Its long-term presence in tech, stable and specialized team, and disciplined scale expansion — these are sufficiently attractive to RMB LPs, especially insurance capital, that require persistent strategy and high risk control.

Perhaps this, too, is a different kind of victory.

Entering the AI Game

A careful comparison reveals subtle adjustments in the second RMB fund's investment directions. Beyond traditional strengths like semiconductors, robotics, and healthcare, it specifically names large model-related applications.

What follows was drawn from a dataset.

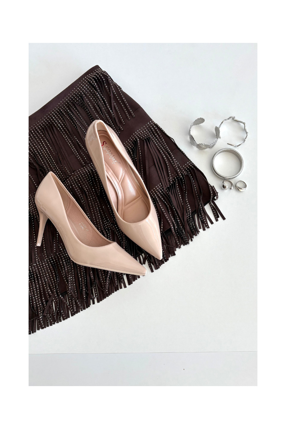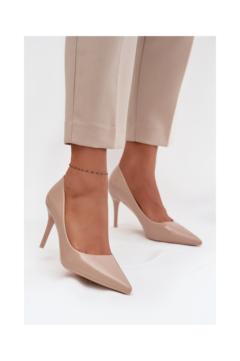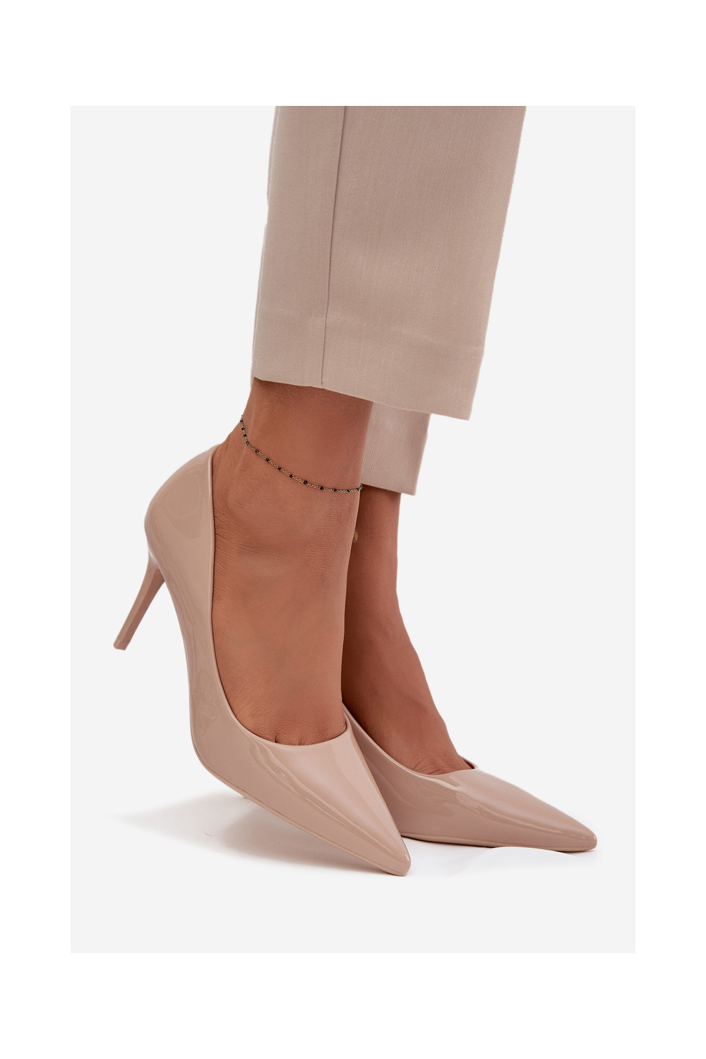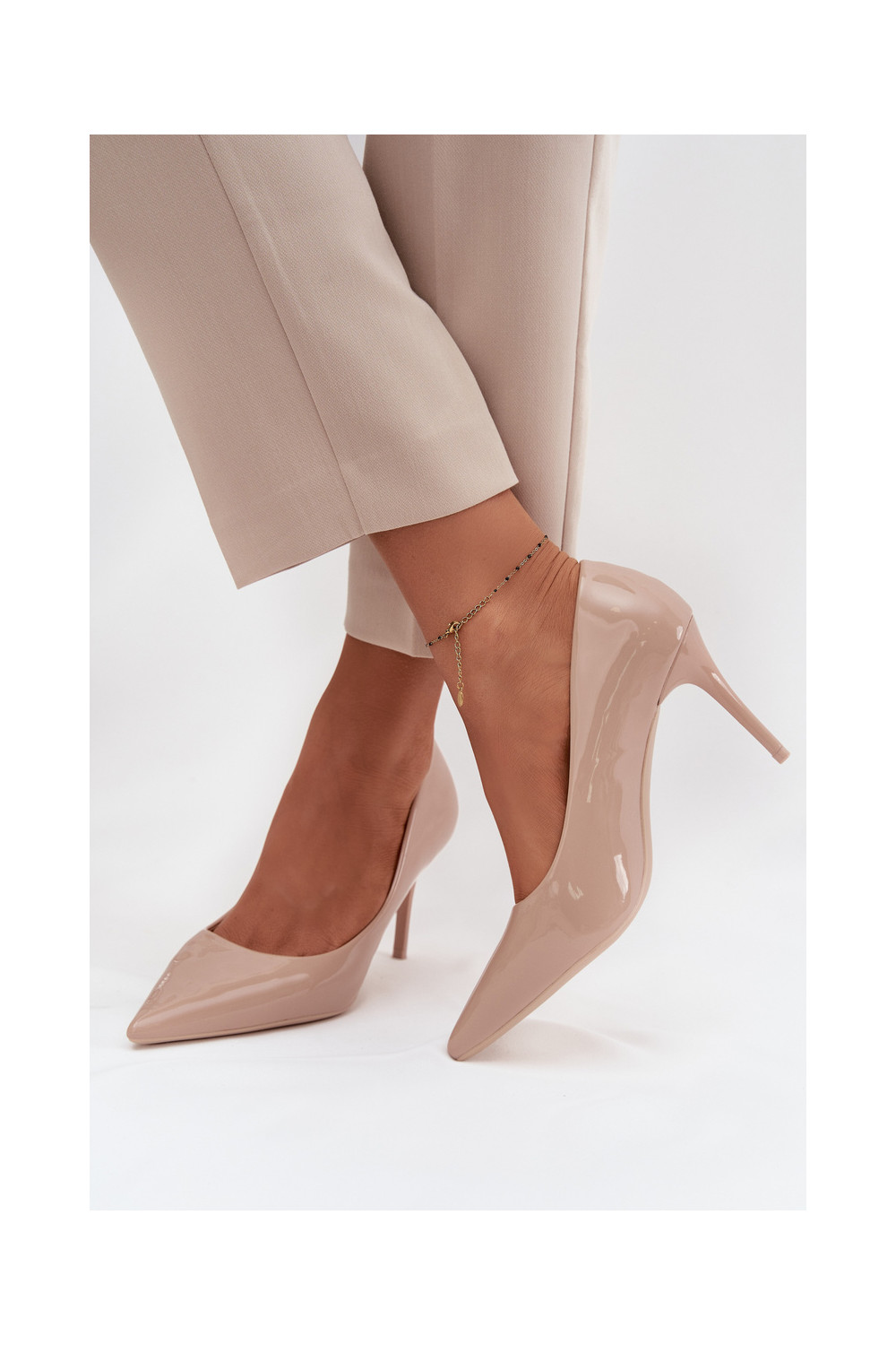 s efektem laku Eko Boty na vysokém podpatku Ze Szpiczastymi Noskami béžové Jadira

Xia publicly shared his observations on AI several years ago. He noted that AI has been a focus for Vertex over the past decade, because it plays a significant role in empowering all industries, and cost reduction, efficiency improvement, and labor replacement have been key investment themes. But he always felt first-generation deep learning technology wasn't fully mature, wasn't general-purpose enough, "and customized models had relatively limited imagination space and application scenarios."

By 2017-2018, as core algorithms and training frameworks gradually became open-sourced, judging the commercial potential of AI companies became a challenge for investors.

Xia believes this was due to two factors: on one hand, different industries and customers had highly diverse AI application needs, with细分方向 potentially completely different; on the other, entrepreneurs seeking funding all claimed productization was easily achievable, but whether they could truly deliver, whether having a product meant having the capability and opportunity to rapidly bring it to market, and whether scale could be achieved quickly — these tested investors' judgment.

If the previous wave of AI merely replaced some low-end labor, this time it's "a force that threatens humans in every domain."

Xia stated that the team has prepared to systematically deploy AI investments from this point forward.

Currently, Vertex's AI portfolio spans a very broad range: novel large model technologies, software and hardware technologies that enhance AI computing power, AI-native B2B and B2C products, and AI-powered solutions for various traditional industries, among others. The team will continue its pragmatic style, investing in outstanding AI companies with technological innovation capability, product-building capability, and massive commercialization potential.

"Compared to the U.S., Chinese companies have their own advantages. For instance, the U.S. enterprise software ecosystem is exceptionally mature, so startups can only work within existing product systems. But China's enterprise services ecosystem is still in its early stages, without giant monopolies, which gives native AI products enormous opportunity," Xia said.